ジョイス・ディドナート(メゾソプラノ)、ヤニック・ネゼ=セガン(ピアノ)

ディドナートはバロック・オペラやロッシーニなどベルカント・オペラの圧倒的クイーンでありながら、ジャズやミュージカルのナンバーも洒脱にこなす。「MET(メトロポリタン歌劇場)ライブ・ビューイング」では幕間のインタビュアーとして、機知に富む会話を繰り広げる。その稀有なタレントにして、METとフィラデルフィア管弦楽団の音楽監督を兼ねる指揮者でピアノの名手ネゼ=セガンから「一緒に《冬の旅》を演奏しない?」と誘われた時はしばらく、答えを見出せなかったという。

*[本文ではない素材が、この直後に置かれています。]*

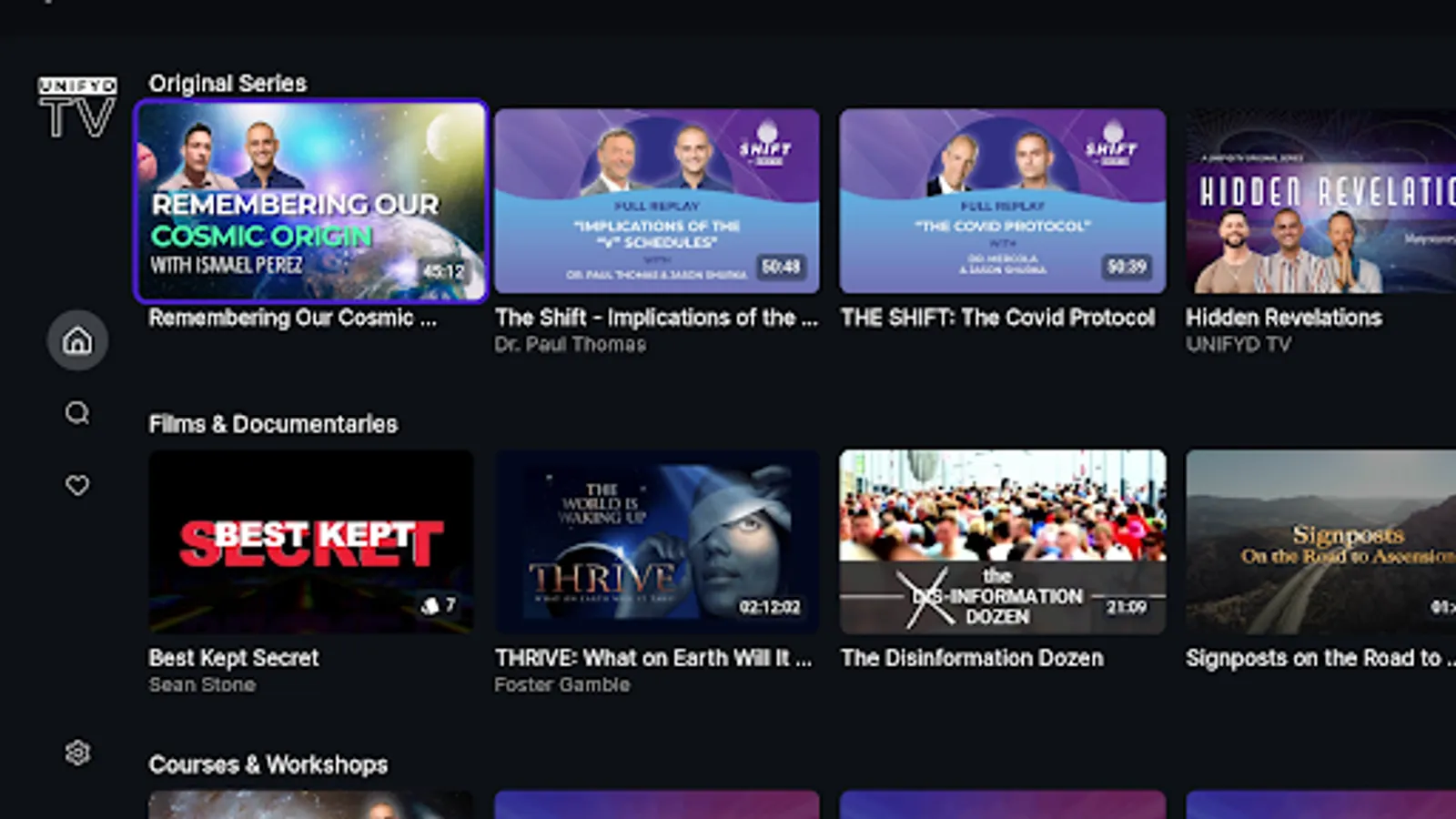 UNIFYD TV has a rapidly growing library of over 1,000 titles including original series, eye-opening documentaries, consciousness-expanding workshops, guided meditations and so much more!

「キミはこの世界に入り込み、しばらくの間そこで生きるよう、深く呼ばれているんだ」。ヤニックの強い確信に応え、ディドナートが捻り出した解釈の〝ウルトラC〟は、自身が演じたオペラのヒロインから、ミュラー(作詞)=シューベルトに接近する手法だった。ゲーテの「若きウェルテルの悩み」を原作とするマスネ作曲のフランスオペラ「ウェルテル」の人妻、シャルロッテがウエルテルが自ら命を絶った後、彼が書き残した絶望の旅路の記録を読みたどるというのが、ディドナートの編み出した解決策だった。


世界がコロナ禍で機能不全に陥る少し前の2019年12月15日、ニューヨークのカーネギーホール「スターン・オーディトリアム/パールマン・ステージ」(小ホール)で行われた演奏会のライヴ録音(当CD)は素晴らしい仕上がりだ。ディドナートは稀にみる美声を表面上のコスメティック(化粧)のみに生かすことをよしとせず、シャルロッテの胸中に去来する様々な記憶や感情のアヤを余すところなく描くツールとして、生々しく使い尽くす。発案者ヤニックとの意思疎通も万全で、「指揮者のピアノ」のドラマティックな良さを存分に発揮する。現代のマンハッタンから19世紀初頭のウィーンに飛ぶ、ロケットのような名演だ。